Explain the difference between deepcopy, copy, and assignment

Assignment (b = a) — both names point to the same object. No copy at all.

Shallow copy (a.copy()) — new outer object, but inner objects are shared.

Deep copy (copy.deepcopy(a)) — everything is fully independent.

a = [[1]]
b = a            # same object
c = a.copy()     # new list, shared inner
d = copy.deepcopy(a)  # fully new

a[0].append(2)
# b[0] = [1,2]  — same object
# c[0] = [1,2]  — shared inner list
# d[0] = [1]    — independent

What are dataclasses and when do you use them?

@dataclass auto-generates __init__, __repr__, __eq__. Use when you have a class that's mostly data. Cleaner than writing boilerplate.

from dataclasses import dataclass

@dataclass
class Point:
    x: float
    y: float

# Auto-generates __init__, __repr__, __eq__
# frozen=True for immutable, slots=True for memory

Use dataclass for data containers. Use regular class when you need heavy custom behavior. Use NamedTuple for immutable records.

Python Internals

How does Python's import system work?

1. Check sys.modules cache — if already imported, return cached version.

2. Search sys.path — list of directories to look in.

3. Found → execute the module file, store in sys.modules.

4. .pyc files (bytecode cache) in __pycache__/ speed up subsequent imports.

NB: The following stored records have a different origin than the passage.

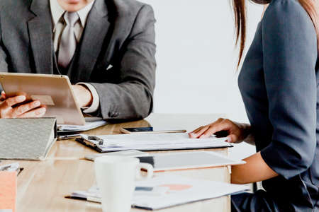 Asian business adviser meeting to analyze and discuss the situation on the financial report in the meeting room.Investment Consultant,Financial Consultant,Financial advisor and accounting concept
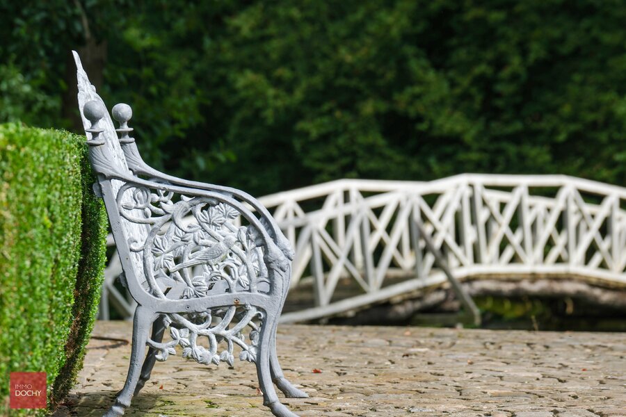 Het landgoed beslaat een aanzienlijke oppervlakte (ca 3,8ha) en omvat uitgestrekte tuinen met prachtige omwalling en deel bos. De aangelegde tuin rondom het kasteel is perfect onderhouden en herbergt een volledig gerestaureerde ijskelder/uitkijktoren die momenteel dienst doet als B&B. Het domein wordt afgesloten met een modern vergund zonnepanelenpark (250 panelen), wat het energieverbruik herleidt tot nul (oa ook dubbele beglazing, recente cv, led-verlichting...)
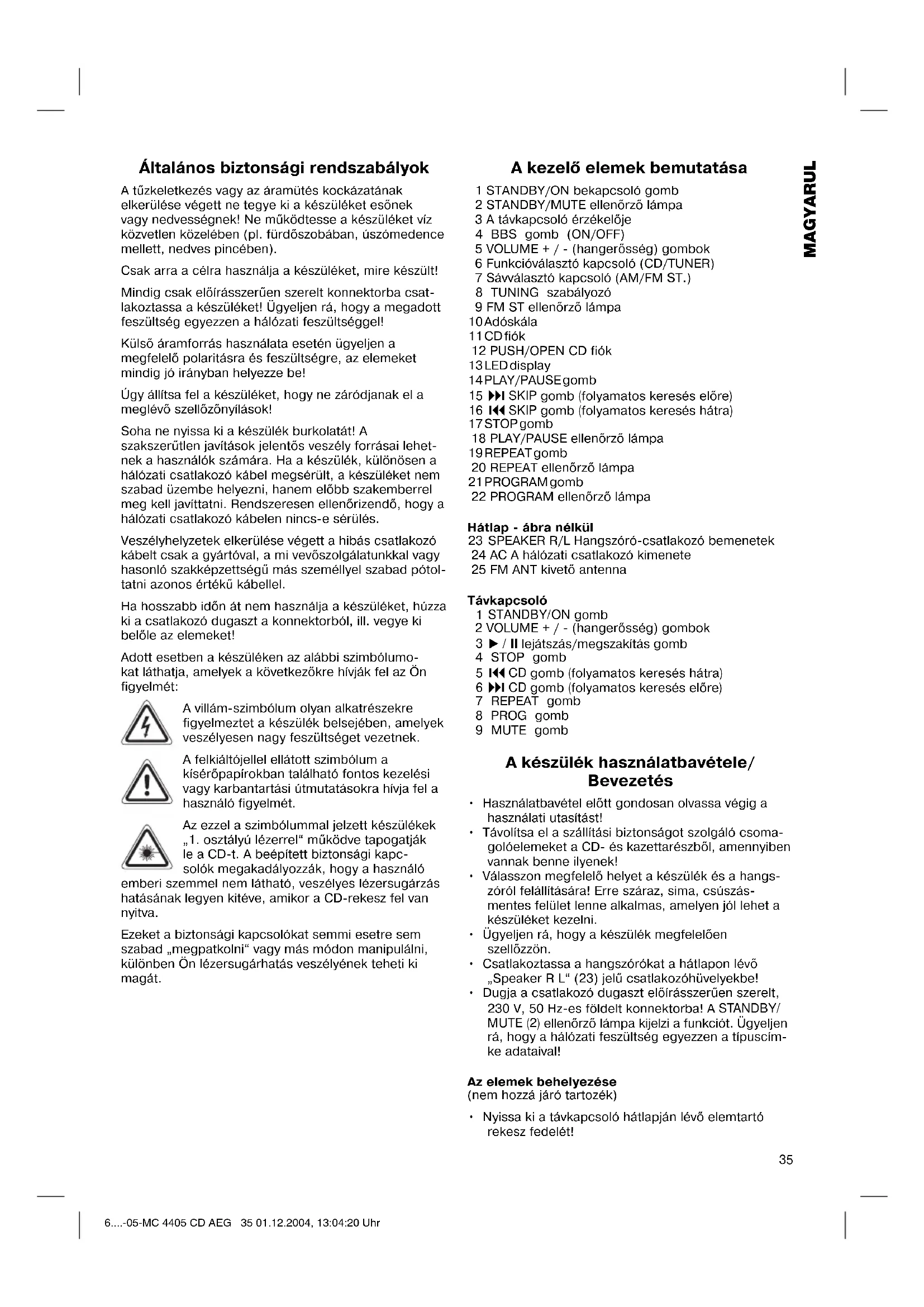 HASZNÁLATI ÚTMUTATÓ MC 4405 CD AEG

This is why the first import is slow and repeated imports are instant.

What is __slots__ and when should you use it?

By default, each instance has a __dict__ (~100 bytes). __slots__ replaces it with a fixed struct, saving ~60% memory per instance.

class Point:
    __slots__ = ("x", "y")
    def __init__(self, x, y):
        self.x = x
        self.y = y

# Can't add arbitrary attributes:
# p.z = 3  → AttributeError

Use when creating millions of instances (particles, data points, graph nodes). Don't use everywhere — it limits flexibility.

What are dunder methods you should always implement?

__repr__ — always. Unambiguous string for debugging. Should ideally be valid Python.

__str__ — when you need a user-friendly display different from repr.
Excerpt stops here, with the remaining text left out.